Miller’s PortraitThe portraits in the Canterbury Tales General Prologue are often described as a cross section
or picture gallery of 14th century society. There is an indication in these phrases of the "enclosed frame" of each pilgrim's
description, introduced by the classic rubric of biography ‘the Miller was’ or ‘there was’. Yet this
formality implicit in the estates satire is here set against the disorganized piling up if detail, the ‘collusion of
impression from the collision of detail’ as Baldwin put it. Contrasted with the accepted description, Chaucer method
of contrapuntucal detail and jumping from ‘shinbone to cookery’ gives a suggestive, yet vivid picture. In this
passage, the Miller is described by build, beard, and a wart on his noseh, yet the ‘character’ is captured.
This
is further amplified by the paratactic syntax, putting things side by side without much comment, a steady cataloguing of ‘and’.
Everything is pulled together with the sense of what Baldwin calls the radix trait, in this case the Miller’s physicality,
as well as by a consistently detailed focus, as though the narrator is looking through a magnifying glass – we see the
hairs on the ‘werte’.
This naturalism is also clear in the similes, which Hazlitt described as acting
as an index pointing to the subject. In the Miller's portrait the external detail figured metaphorically by the spade, the
bristles on a sowe and the furnace all act as indicators of inner character and also link the figure with the tale he is to
tell, as the furnace with the smith.
The truthfulness seems at odds with the narrator’s naiveté, made clear in
the use of hyperbole. An example in htis passage is ‘wel koude he stele’ where as Hoffman says, the reader seems
to be tipped into the act of judging by the sense that if this seems reprehensible, there must be standard by which it appears
to be so. The "wel", in its incongruity, adds to the problems this line creates. Howard has argued that Chaucer-pilgrims wide-eyed
position is in fact a Christian one, stemming from what he argues is the profound irony of loving the man but hating the sin.

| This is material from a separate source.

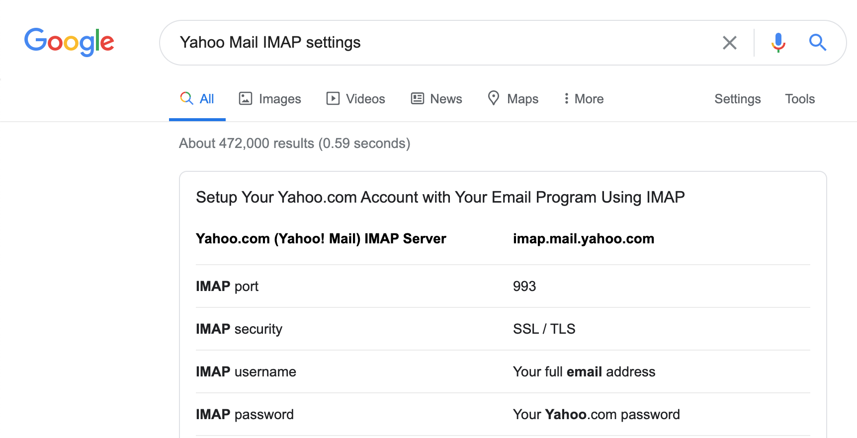 IMAP Details for Popular Providers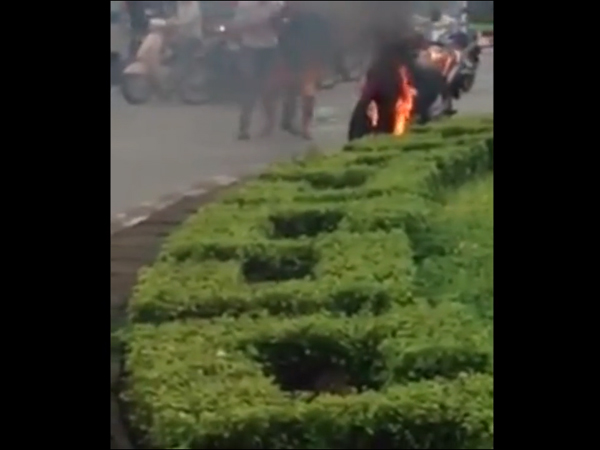 Một phụ nữ dội xăng lên người tự thiêu giữa đường

Here however, the ‘wel’ seems less a gullible readiness to love the sinner than a genial joke. As Donaldson points
out, the narrator does recognise rascals when they are in the lower classes, but at the same time seems to have a kind of
grudging admiration for efficient thievery.
Pearsall and Eberle have commented on Chaucer’s remarkable
lack of outrage toward the word of commerce, an ambivalence some have attributed to his ‘Janus like social position’
between the court and his own origins, and the narrator in a sense is given a degree of sophistication here, listing the fault
but seeing it as a virtue on a level with musical skill.
The bagpipes are obviously linked with the Miller’s
potency and indicate his knowledge of synne, but they are also, like the furnace, a link to his tale, where as Patterson says,
Nature is not only accepted but redeemed. This is most obvious in the scene where the ‘belle of luades’ harmonises
with Alisoun and Nicholas’s melodye. Music also links with what Lindahl sees as a central structural element in the
CT – the medieval festival which account for the emphasis on the group. Howard argued that the idea of serial progression
in the GP ought to be discarded, for the view that Chaucer is here presenting society in little, and that thus the GP is realistic
in detail, universal in depiction of group tendency and profoundly medieval in it’s recognition that ‘this world
is nat so strong’
There is a consistent carnivalesque element in the CT, which is at odds with the pilgrimage,
yet also an inevitable part of its dualistic focus as Bisson says. In the passage, it is notable that as opposed to ideal
pilgrims all the information we are given is external with four lines of qualities, none of which have any direct connection
with the ‘ful devout corage’ of going on pilgrimage.
Described in terms of bestiality, and with the
reference to the sowe, a very clear signal of connection with carnival, his disruptiveness indicated by the anecdotal evidence
given matter-of-factly that he uses his head not for rational thought but for breaking down doors.